In [98]:
import numpy as np
from sklearn.model_selection import train_test_split
from sklearn.metrics import mean_squared_error

# np.random.seed(0)
np.random.seed(69)
# Load training and testing data
X_train = np.loadtxt('X_train.csv', delimiter=',', skiprows=1)
X_test = np.loadtxt('X_test.csv', delimiter=',', skiprows=1)
y_train = np.loadtxt('y_train.csv', delimiter=',', skiprows=1)[:,1]

X, Xt, y, yt = train_test_split(X_train, y_train, test_size=0.2) # random_state=0

def rmse(y_true, y_pred, *args, **kwargs):
    return np.sqrt(mean_squared_error(y_true, y_pred, *args, **kwargs))
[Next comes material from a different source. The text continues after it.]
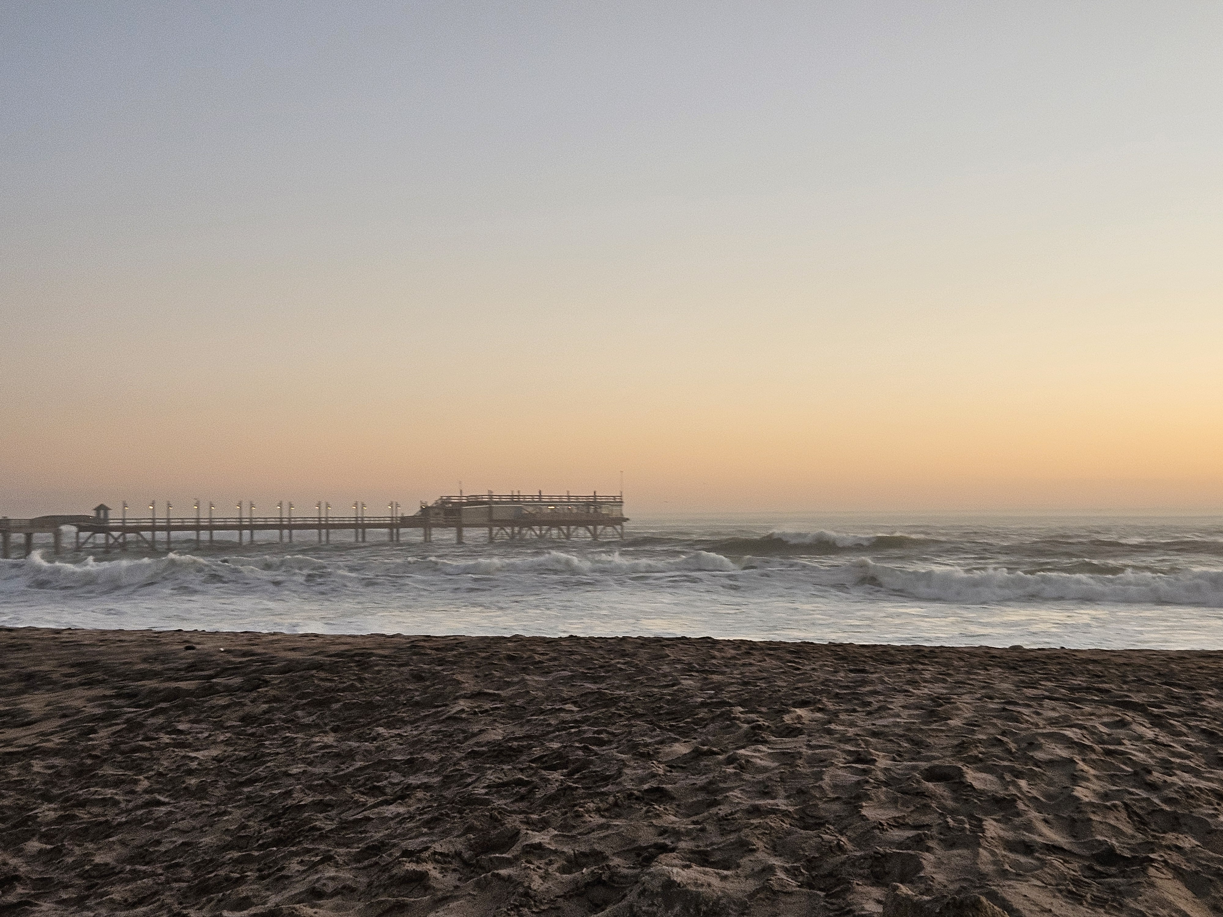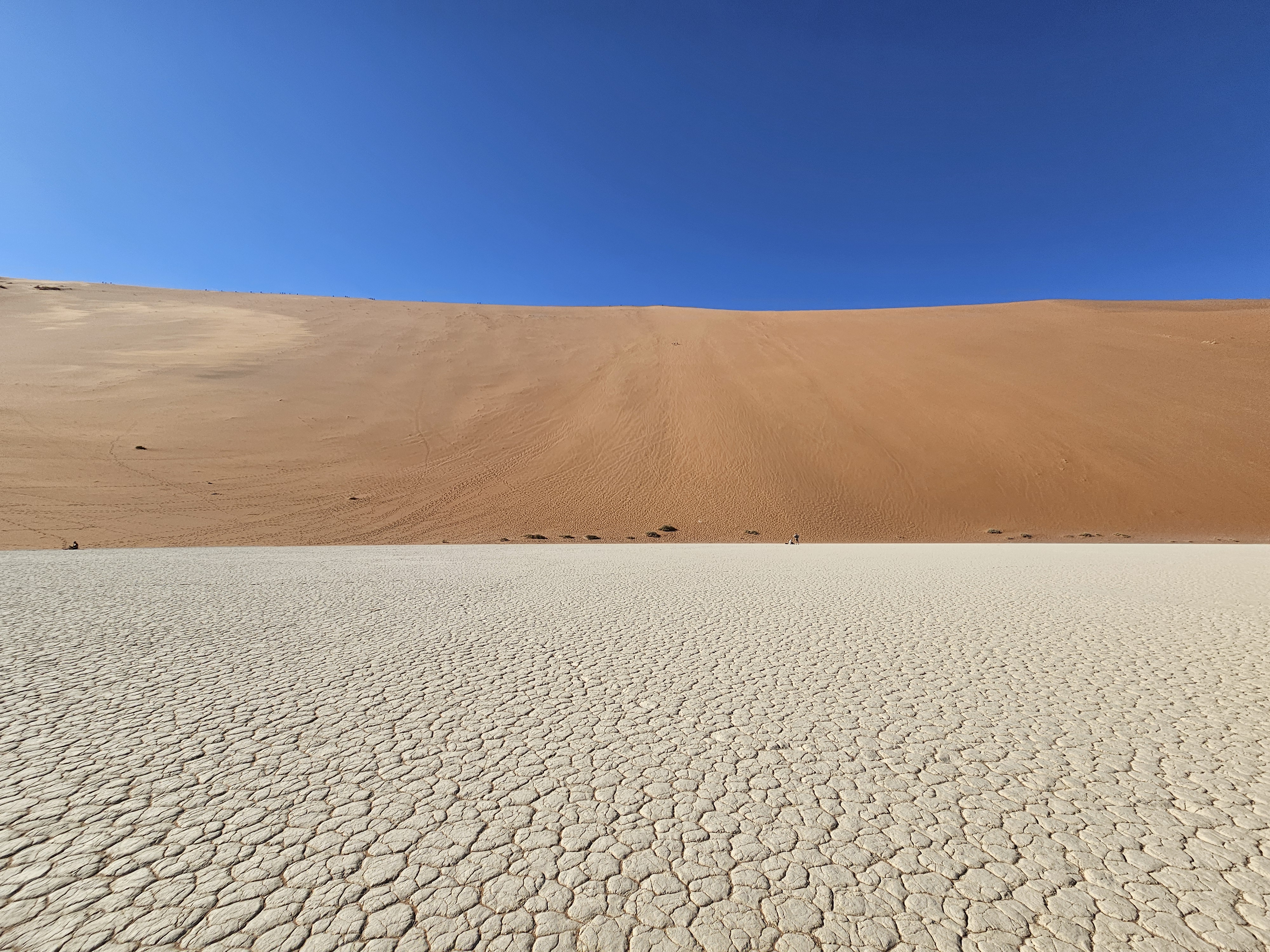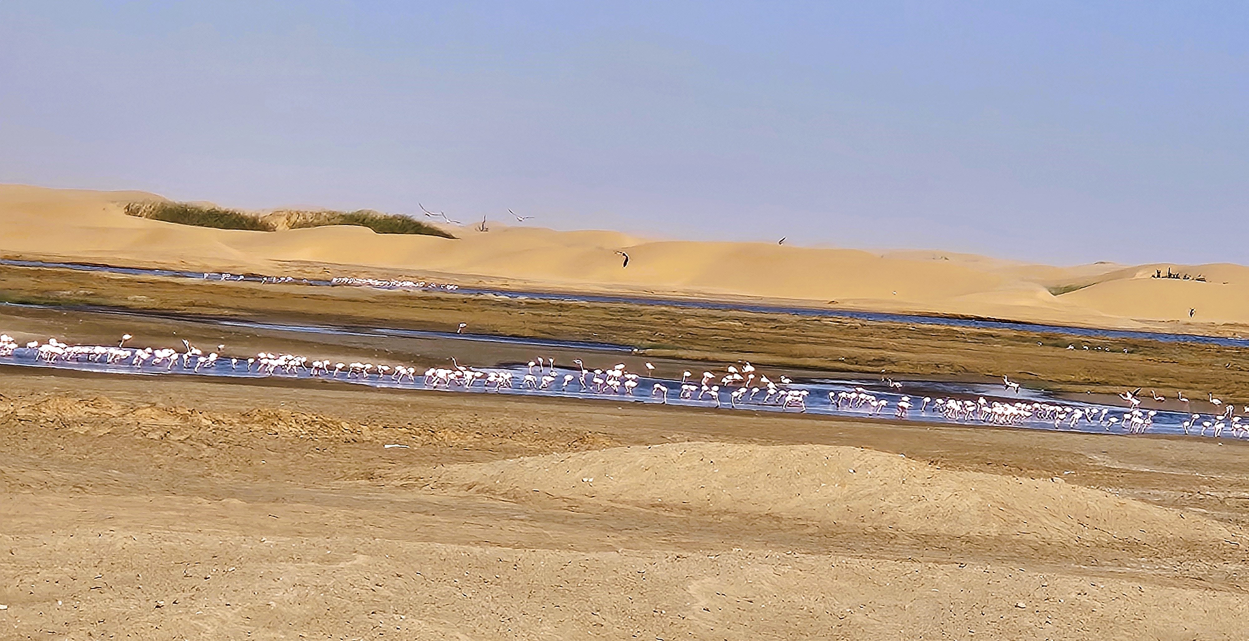 Pare che Sandwich harbour si chiami così perché la sottile striscia di terra che osserviamo dall’alto è stretta nella morsa fra deserto e oceano. Namib e Atlantico la cingono d’assedio da entrambi i lati, ma essa resiste, indomita, respingendo strenuamente i colpi dei giganti che mirano a sopraffarla. La sensazione di beatitudine che ci pervade somiglia a uno stato di grazia, a quando hai rotto il fiato e corri senza fatica, con la testa sgombra dagli impicci della quotidianità.

# Fit model and predict test values
y_pred = np.random.randint(y_train.min(), y_train.max(), X_test.shape[0])

X_test.shape

(41, 6)

In [99]:
# random forest reg
from sklearn.ensemble import RandomForestRegressor

reg = RandomForestRegressor(n_estimators=30, max_depth=None).fit(X, y)

yp = reg.predict(X)
print("train")
print(rmse(y, yp))
ytp = reg.predict(Xt)
print("test")
print(rmse(yt, ytp))

train
23.806444742901586
test
29.208163641299535


In [45]:
# simple lin reg
from sklearn.linear_model import LinearRegression

reg = LinearRegression(fit_intercept=True, normalize=True).fit(X, y)
print(reg.intercept_)
print(reg.coef_)
yp = reg.predict(X)
print("train")
print(reg.score(X, y))
print(rmse(y, yp))
ytp = reg.predict(Xt)
print("test")
print(reg.score(Xt, yt))
print(rmse(yt, ytp))

-46.02048895300834
[0.04258486 0.01720842 0.00372654 0.69482286 1.70354487 1.37634173]
train
0.8800740843262105
54.538244801464835
test
0.9099016192024215
36.15897266598111


In [192]:
# SVR
from sklearn.svm import SVR
from sklearn.preprocessing import MinMaxScaler

scale = MinMaxScaler((-1, 1))

Xs = scale.fit_transform(X)
Xts = scale.fit_transform(Xt)

reg = SVR(kernel='poly', degree=5, tol=1e-6).fit(Xs, y)
# print(reg.coef_)
print(reg.intercept_)
yp = reg.predict(Xs)
print("train")
print(rmse(y, yp))
ytp = reg.predict(Xts)
print("test")
print(rmse(yt, ytp))

[58.51264669]
train
163.25917066676377
test
124.53793340374547


In [254]:
# ridge regression
from sklearn import linear_model


# X, Xt, y, yt = train_test_split(X_train, y_train, test_size=0.2)

# solver : {‘auto’, ‘svd’, ‘cholesky’, ‘lsqr’, ‘sparse_cg’, ‘sag’, ‘saga’}
reg = linear_model.Ridge(alpha=1, normalize=True, solver='auto').fit(X, y)

print(reg.coef_)
print(reg.intercept_)
yp = reg.predict(X)
print("train")
print(rmse(y, yp))
ytp = reg.predict(Xt)
print("test")
print(rmse(yt, ytp))

[-0.00742821  0.0093737   0.00289606  0.73241582  2.88636839  0.84145589]
0.7307008766147476
train
67.41697548743909
test
38.636265243684456


In [100]:
# Arrange answer in two columns. First column (with header "Id") is an
# enumeration from 0 to n-1, where n is the number of test points. Second
# column (with header "EpiOrStroma" is the predictions.
y_pred = reg.predict(X_test)

test_header = "Id,PRP"
n_points = X_test.shape[0]
y_pred_pp = np.ones((n_points, 2))
y_pred_pp[:, 0] = range(n_points)
y_pred_pp[:, 1] = y_pred
np.savetxt('reg1_sub.csv', y_pred_pp, fmt='%d,%f', delimiter=",",
           header=test_header, comments="")

# Note: fmt='%d' denotes that all values should be formatted as integers which
# is appropriate for classification. For regression, where the second column
# should be floating point, use fmt='%d,%f'.